War? What
War?
By
Charles Krauthammer
TownHall.com
WASHINGTON -- Janet Napolitano -- former Arizona governor, now overmatched
secretary of homeland security -- will forever be remembered for having said of
the attempt to bring down an airliner over Detroit: "The system worked." The
attacker's concerned father had warned U.S. authorities about his son's jihadist
tendencies. The would-be bomber paid cash and checked no luggage on a
transoceanic flight. He was nonetheless allowed to fly, and would have killed
288 people in the air alone, save for a faulty detonator and quick actions by a
few passengers.
Heck of a job, Brownie.
The reason the country is uneasy about the Obama administration's response to
this attack is a distinct sense of not just incompetence but incomprehension.
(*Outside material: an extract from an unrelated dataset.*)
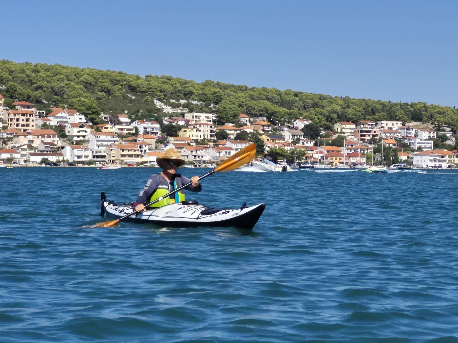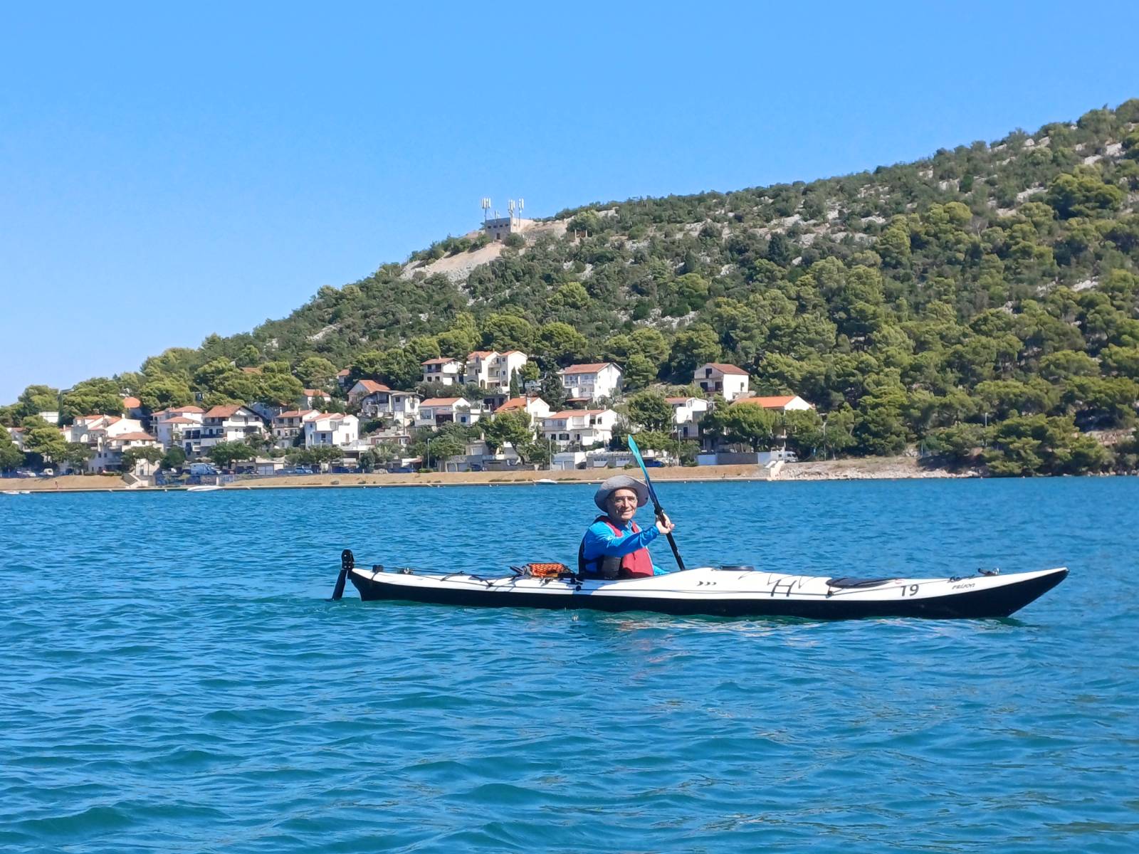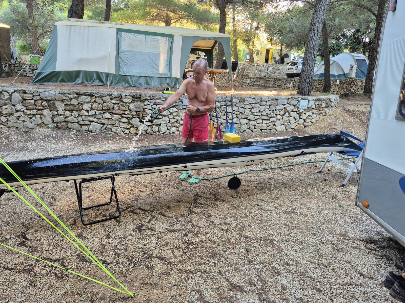 Was das Paddeln anlangte, legten Walter und Roland an einem Tag 24 km von den Krka Wasserfällen bis zu unserem Campingplatz zurück, wo ich nur eine Etappe mitfuhr. Auf den 24 km frischte der Wind auch einigermaßen auf, Schaumkronen ringsum, und so wurde es für sie ein sportlicher Tag.

From the very beginning, President Obama has relentlessly tried to downplay and
deny the nature of the terrorist threat we continue to face. Napolitano renames
terrorism "man-caused disasters." Obama goes abroad and pledges to cleanse
America of its post-9/11 counterterrorist sins. Hence, Guantanamo will close,
CIA interrogators will face a special prosecutor, and Khalid Sheik Mohammed will
bask in a civilian trial in New York -- a trifecta of political correctness and
image management.
And just to make sure even the dimmest understand, Obama banishes the term
"war on terror." It's over -- that is, if it ever existed.
Obama may have declared the war over. Unfortunately al-Qaeda has not. Which
gives new meaning to the term "asymmetric warfare."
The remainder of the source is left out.